BC Ferries posted a revised schedule of the run between Horseshoe Bay and Snug Cove this week. The new schedule shows the cancellation of the 5:30am and 7:30am sailings from Snug Cove on Saturdays and Sundays, as well as the 7pm Snug Cove departure on Saturday and the 8pm Snug Cove departure on Sunday. Four sailings from Horseshoe Bay have also been cut from the weekend mornings and evenings.
Adam Holbrook, the chair of the Bowen Island Ferry Advisory Committee (BIMTAC), calls the cuts arbitrary but says that this schedule is an improved version of the one set out in the consultation document put out by BC Ferries in November.
“In mid-March, we met with them and they offered a revised version of the schedule which met our basic objectives,” said Holbrook, explaining that the municipality’s “basic objective” was to hold on to some early.
“It was at this meeting, in mid-March, that we realized that BC Ferries is determined to cut sailings,” says Holbrook.
He adds that, there is no way of knowing whether BC Ferries will save more or less, or how much more they will save than their goal of $270 thousand per year on this route.
“They won’t tell us how much a single sailing costs,” says Holbrook. “BC Ferries claims that any information about their operational costs is confidential, and the only way we could access it would be through a Freedom of Information request.”

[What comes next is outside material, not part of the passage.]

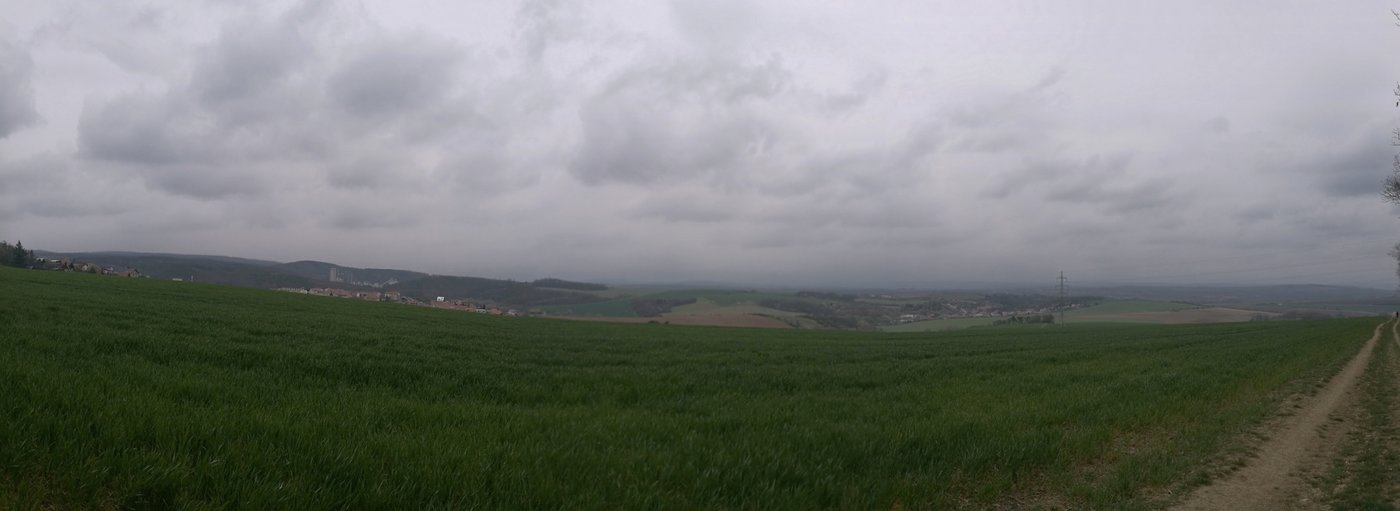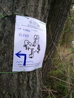 Vyšly jsme kousek za Šlapanice a na nebi jsme viděly jen šedivou deku, která nás provázela celou cestu. S tím, že nemáme kam spěchat jsme nechávaly ostatní týmy, ať nás předbíhají, protože Černá Čůza má raději psy před sebou než za zadkem. Od začátku byla trasa velmi dobře značená a na směrovkách byly i velmi pěkné popisky kam máme jít.

Given the lack of information available, Holbrook says it is impossible to calculate the potential cost-savings of various solutions, such as home-porting the Queen of Capilano on Bowen, or making two-lane loading a possibility, thereby cutting the amount of time it takes to get cars on and off the ferry.
He says that BIMTAC will be looking at the public numbers that will become available once BC Ferries submits documents pertaining to upcoming contract negotiations. This will likely happen in September,
“This is very complicated, and we shouldn’t have to do it,” says Holbrook.
In the meantime, Holbrook says he and Mayor Adelaar intend to bring up the issue of information, and the lack of it, with Transportation Minister Todd Stone at their meeting with him this Friday.
Holbrook says that he and the mayor also intend to discuss ways that BC Ferries could serve Bowen better.
“Maybe having two smaller ferries going back and forth to Bowen might be more efficient than having just one big one. The Queen of Capilano should be going in for a re-fit in 2015, and we should have the opportunity to try new things.”
Holbrook says that most importantly, he wants the meeting with Minister Stone to be a “constructive” one, and he wants to see Bowen Island take the ferries issue more seriously, and approach the issue with a view toward long-term solutions.